Saints That Weren't

By James Martin, a Jesuit priest, is the author of “My Life With the Saints” (THE NEW YORK TIMES, 01/11/06):

EVEN though today is All Saints’ Day, most Americans probably don’t know the name of the newest American saint. Or that, like several saints, she was mistreated by the church that she served so faithfully.

Last month, Pope Benedict XVI declared Mother Théodore Guérin, who lived and worked in rural Indiana in the mid-1800’s, a saint. She is therefore worthy of “public veneration” by Catholics worldwide. Mother Guérin founded the Sisters of Providence of St. Mary-of-the-Woods and started several schools and a college in the region.

You would think that this would have won her favor from the local bishop. You would be wrong.

At the time, the idea of an independent woman deciding where and when to open schools offended Célestine de la Hailandière, the Catholic bishop of Vincennes, Ind. In 1844, when Mother Guérin was away from her convent raising money, the bishop ordered her congregation to elect a new superior, in a bid to eject her from the very order of nuns that she had founded.

The independent-minded sisters simply re-elected Mother Guérin. Infuriated, Bishop Hailandière told the future saint that she was forbidden from setting foot in her own convent, since he, the bishop, considered himself its sole proprietor.

Three years later, Bishop Hailandière demanded that Mother Guérin resign. When she refused, the bishop told her congregation that she was no longer superior, that she was ordered to leave Indiana, and that she was forbidden from communicating with her sisters. Her sisters replied that they were not willing to obey a dictator. The situation worsened until, just a few weeks later, Bishop Hailandière was suddenly replaced by the Vatican. From then on, the Sisters of Providence flourished. Today its 465 members work in 10 states, the District of Columbia, China and Taiwan.

Many people think of the saints as docile, but Mother Guérin is not the only saint to have found herself at odds with local bishops, church officials or even the Vatican. Joan of Arc was burned at the stake at the behest of church officials. The writings of the great theologian Thomas Aquinas came under suspicion during his lifetime in the 13th century. And Ignatius Loyola, the founder of the Jesuits, was jailed during the Spanish Inquisition over complaints about his ideas on prayer.
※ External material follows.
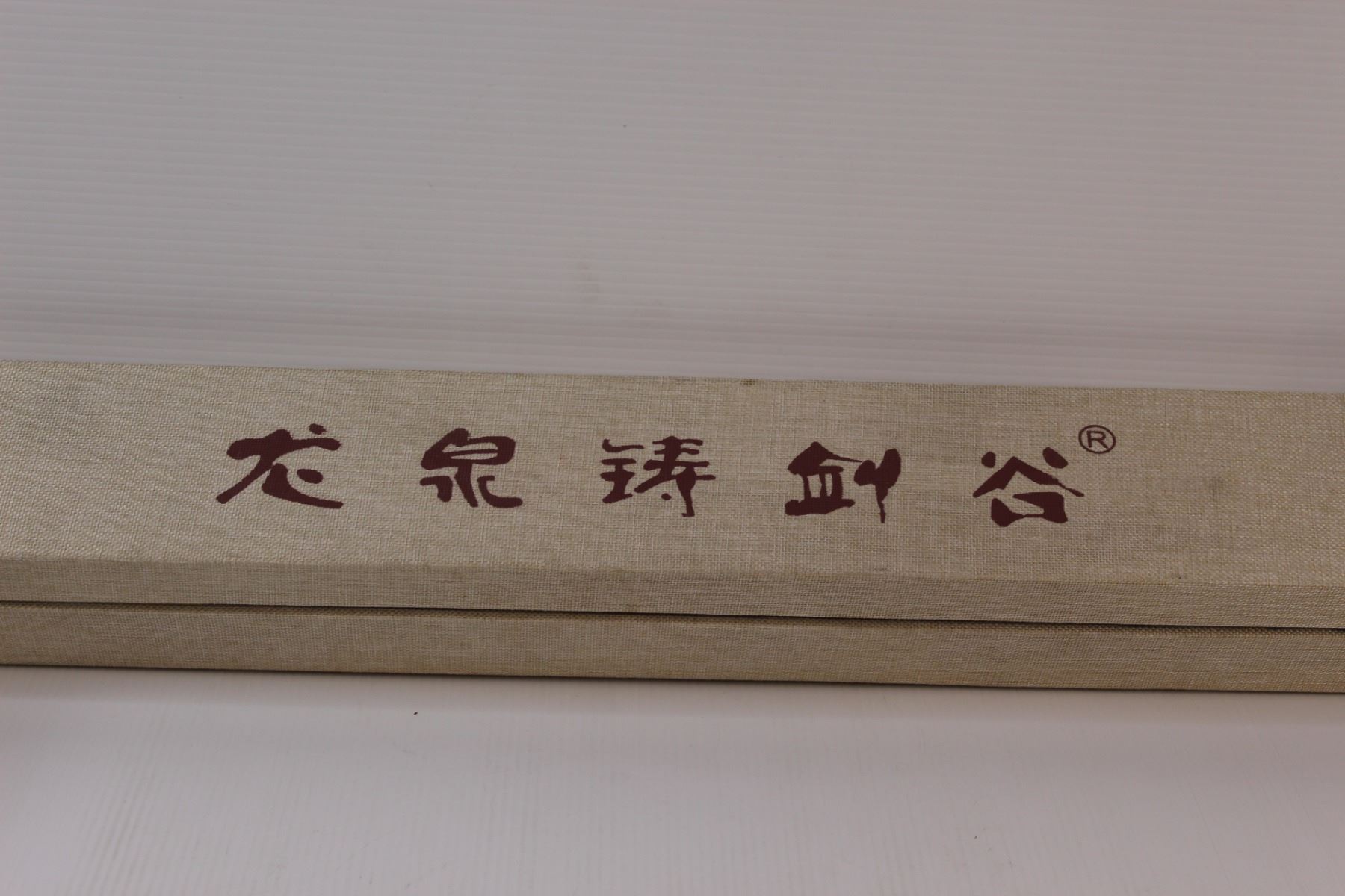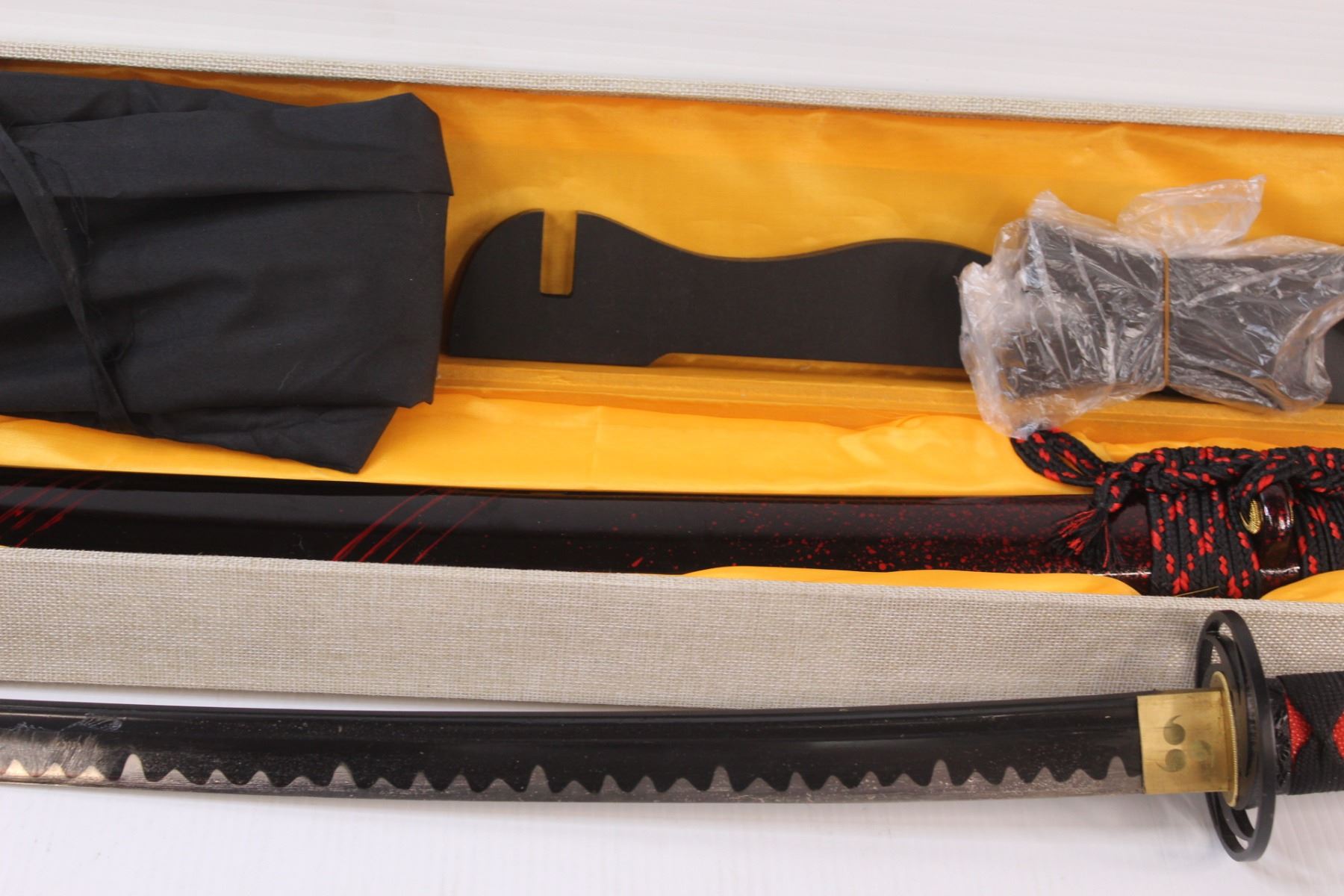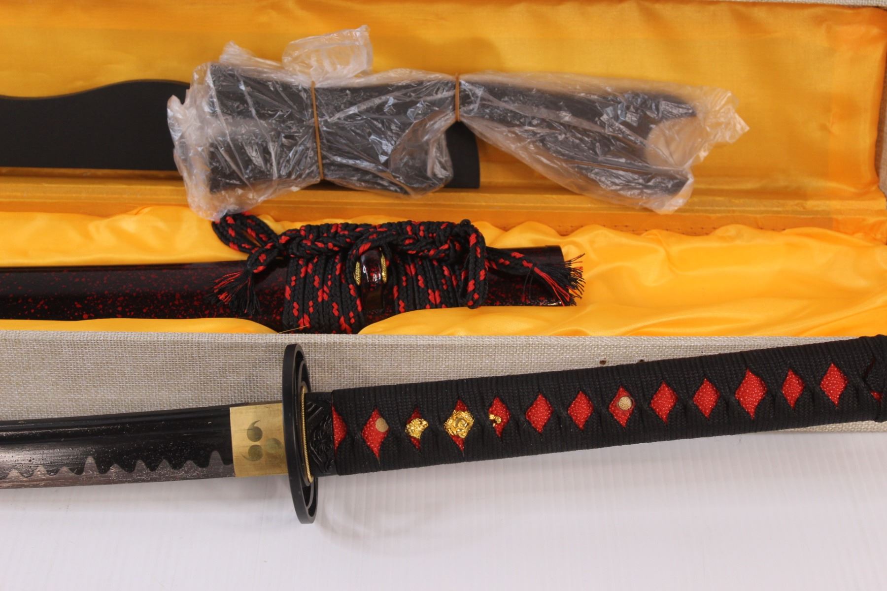 Oriental Katana Style Metal Sword with Stand in Tweed Covered Box 36+" Long Made In China

Somewhat more recently, in 1871, Mother Mary MacKillop was excommunicated — the church’s severest punishment — four years after founding a religious order for women in Australia. One biographer wrote that the bishops of the day were intimidated by Mary’s “independent spirit and steely character.” In 1995, Mary MacKillop was beatified, the final step before canonization, by Pope John Paul II.

The church’s long history of “faithful dissent” offers both hope and perspective to Catholics in our time. It echoes the call of the Second Vatican Council, which, in 1964, declared that expressing opinions “on matters concerning the good of the church” is sometimes an obligation for the faithful.
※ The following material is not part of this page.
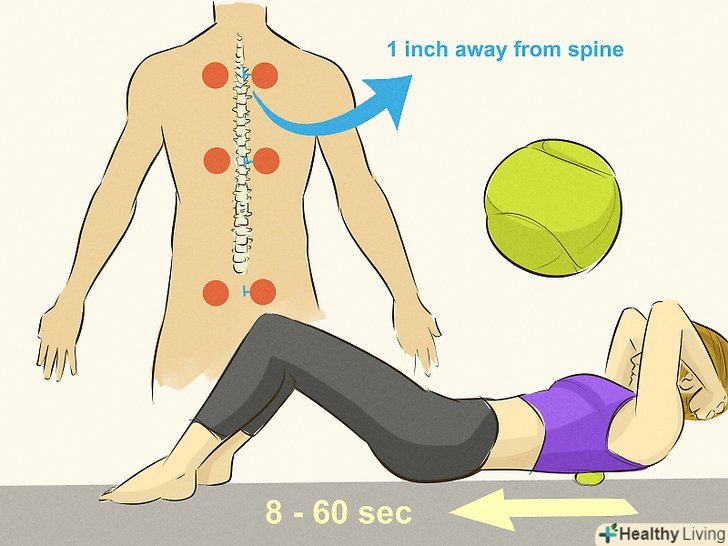 Помасажуйте трапецієподібний м'яз в положенні лежачи.для цього ляжте на спину і зігніть ноги в колінах. Підкладіть під спину тенісний м'яч приблизно в 2-3 сантиметрах збоку від хребта. Почніть з верхньої частини спини і поступово перекочуйте м'яч вниз. Полежте на м'ячі 8-60 секунд, потім пересуньте його нижче. Поступово опустіть м'яч до верхньої частини таза, після чого виконайте те ж саме для другої сторони спини.[20]

But, as some saints knew firsthand, a sincere intention is no guarantee that everybody in the church will listen — even today. Members of Voice of the Faithful, the lay organization founded in response to the sexual abuse scandals, are sometimes barred from meeting in Catholic parishes. Local chapters often gather in nearby Protestant church halls. Who knows which future saints are lurking there?

All Saints’ Day is a good time to remember that while most saints led lives of quiet service, some led the life of the noisy prophet, speaking the truth to power — even when that power was within the church.

Today the Catholic Church rightly honors all of its saints, even those it once mistreated, silenced or excommunicated. That includes Mother Théodore Guérin. It makes you wonder what Bishop Hailandière thinks from his post in heaven — or wherever he is today.